Their ability to grow in such tricky conditions never fails to astound and delight me.
On a recent trip to France in June (postings to follow soon on some amazing gardens visited) we stayed in a B&B in Chartres with Jean-Loup Cuisiniez (above) and his wife and met a kindred greener-up-of the-city. Jean-Loup has been strategically dropping Hollyhock seeds around Chartres and has a fair few plants growing in the car park,
and along his street. He’s promised to send me a pic when they’re all in flower. Jean-Loup is in discussions with the local council to make more paths public right of way to create easier walking routes throughout Chartres and he also wants to create walls of roses in the streets near the Cathedral.

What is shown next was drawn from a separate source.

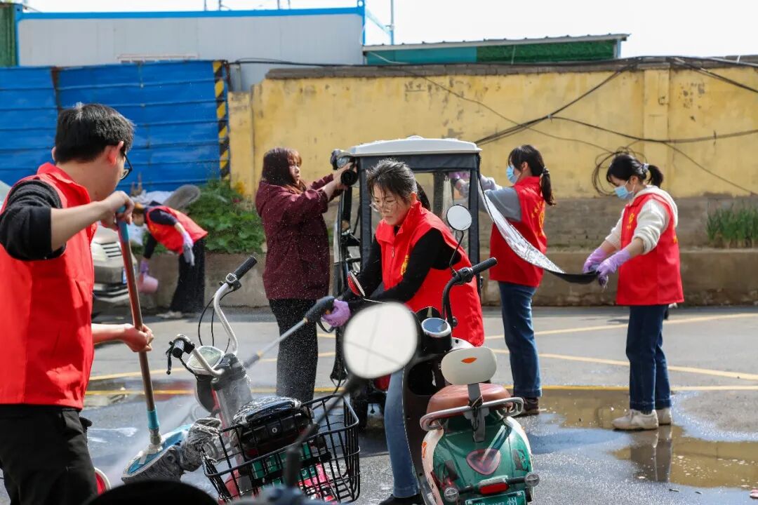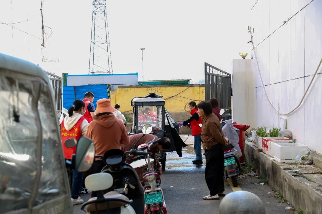 活動現(xiàn)場井然有序、氛圍熱烈,服務隊隊員們分成兩支小隊同步開展服務。第一分隊在小區(qū)東側通道服務點位,專注為業(yè)主清洗電動車,隊員們分工明確、配合默契,認真沖洗車身污垢、清理縫隙死角、細致擦拭車身,全程耐心引導業(yè)主有序排隊、文明參與。第二分隊聚焦小區(qū)衛(wèi)生整治,重點對小區(qū)下沉景觀、綠化帶、角落盲區(qū)等衛(wèi)生死角進行了清理。

I nodded sagely as he explained his aspsirations, but it wasn’t until we visited the Rose Festival in Chedigny, a village in the Loire near Loches, that I really understood what this could mean.
Every wall in the village was covered in these glorious climbers and ramblers,
with labels letting you know the variety. How bloomin’ marvelous.
The Rose Festival is the brainchild of Mayor Pierre Loualt who started the project in 1998, working with French rose specialist André Eve to plant over 700 roses in the village. The festival takes place over two days every year with specialist nurseries setting up stalls,
but you can happily wander through the village at other times to enjoy this marvelous rose extravaganza.
Both sight and scents were truly inspirational, and, although our North London manor doesn’t quite conjure up the bucolic bliss of the Loire, I’m wondering if we could start some similar rose planting in our streets in Finsbury Park?